Oceans cover 71% of the Earth’s surface, but the heat they contain is distributed unevenly. In 2018, one of the warmest spots was along the East Coast of the United States, where Hurricane Florence caused severe flood damage in the Carolinas last summer.
Warming ocean waters have had a direct influence on storms such as Florence and Harvey, scientists said, feeding them more energy and allowing them to hold more water vapor that rains down on coastal communities.
“It leads to an intensification of the storm, and a bigger storm,” said Kevin Trenberth, a climate scientist at the National Center for Atmospheric Research in Boulder, Colo., and a coauthor of both recent studies.
Ocean warming is also the main driver of the rising sea levels that are threatening coastal communities and ecosystems in addition to causing more severe flooding.
Without global action to slash greenhouse gas emissions, the study projects, the planet could see about another foot of sea level rise just from warmer water taking up more space. That so-called thermal expansion doesn’t factor in additional increases expected as ice sheets melt in Greenland and Antarctica.
Lisa Suatoni, a marine ecologist at the Natural Resources Defense Council, said that the warming detected to date is already causing rapid transformation of ocean ecosystems, including certain marine species moving toward the poles and economically harmful disruptions to fisheries that provide food and livelihoods to hundreds of millions of people worldwide.
“The ocean is playing this silent but important service to the Earth in absorbing most of the heat that’s being trapped by our greenhouse gas emissions, but that service comes at a cost,” Suatoni said. “The transformation that global warming is having on the oceans is largely unseen because we’re land animals and it’s hard to observe.”
That’s changing. Scientists’ observations are improving considerably thanks to new measurement techniques, particularly Argo, a network of drifting, automated floats in operation since the mid-2000s that periodically descend into the ocean to measure temperature and salinity, then transmit the readings to satellites.
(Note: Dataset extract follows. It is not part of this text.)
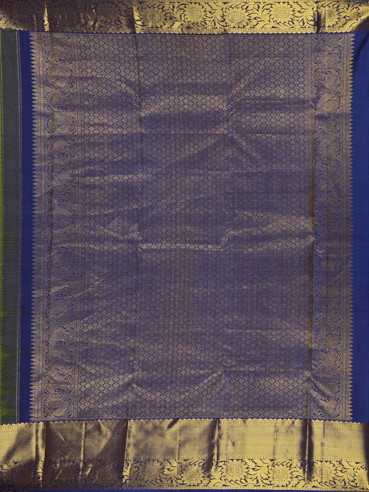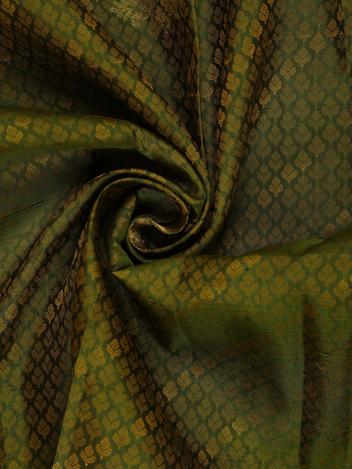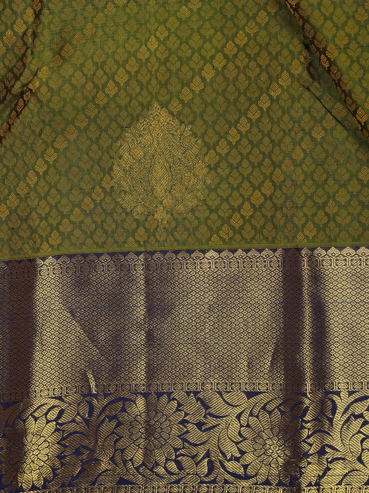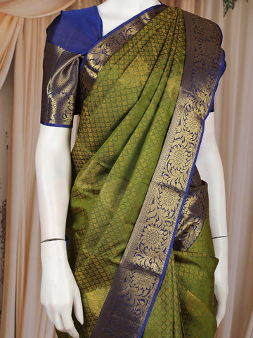 Olive Green Floral Design Pure Kanchipuram Silk Saree

The new analysis is based on Argo’s measurements of the upper 6,500 feet of the ocean combined with earlier readings that go back to the 1950s. Scientists compared four different estimates of ocean warming completed since the United Nations’ Intergovernmental Panel on Climate Change report in 2014 and found them converging in agreement: Oceans were warming faster than prior estimates.
The findings of record ocean warming come one day before the National Oceanic and Atmospheric Administration and NASA were scheduled to release data on the average global surface temperature for 2018. The federal agencies are expected to report that 2018 was the fourth-hottest year on record, but their announcements have been delayed indefinitely by the partial government shutdown.
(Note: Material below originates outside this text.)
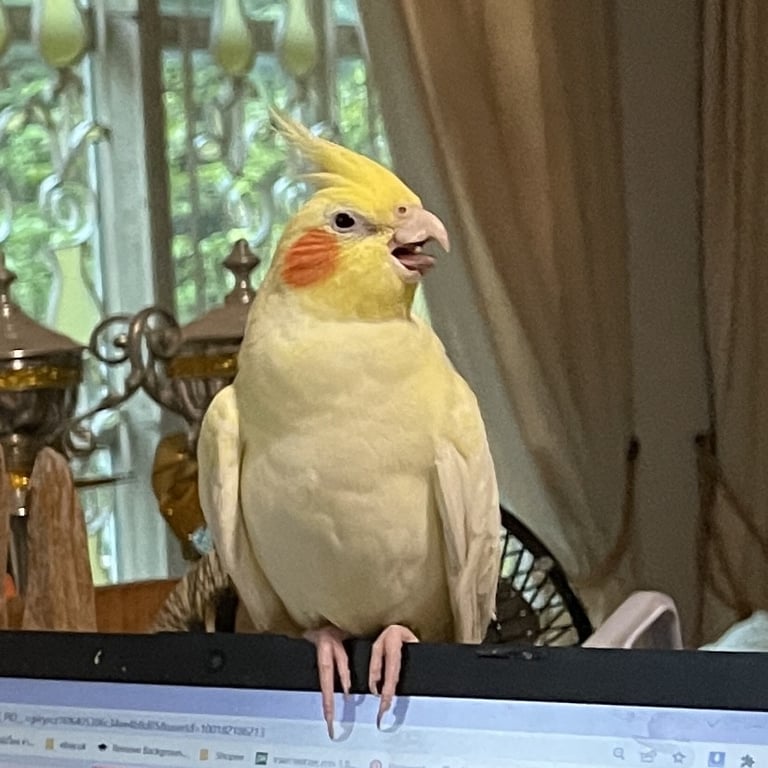 รอยตำหนิ: มีห่วงที่ขาไม่ชอบบิน ชอบเดิน ไต่ แทะ ชอบเอาหัวมาเกยที่มือเวลากดมือถือ/คอม

Once full operations are restored, it will take a least three days for scientists to finalize their reports, said Gavin Schmidt, head of the NASA Goddard Institute for Space Studies.
The shutdown has also halted the flow of information to the United Kingdom’s Met Office, its national weather service, which has not been able to finish its calculations of last year’s average global surface temperature, said spokesman Grahame Madge.
“With the United States accounting for around 3% of the world’s land surface, the absence of American data, even for one month, would skew the final figure,” he said. “We’re hoping that the data can be released before the end of January.”
A report last week from the European Union’s Copernicus Climate Change Service said the last four years have been the warmest on record, with 2018 in the No. 4 slot.
With a weak El Niño probably underway in the Pacific Ocean, 2019 air temperatures have a good chance of being hotter than they were last year.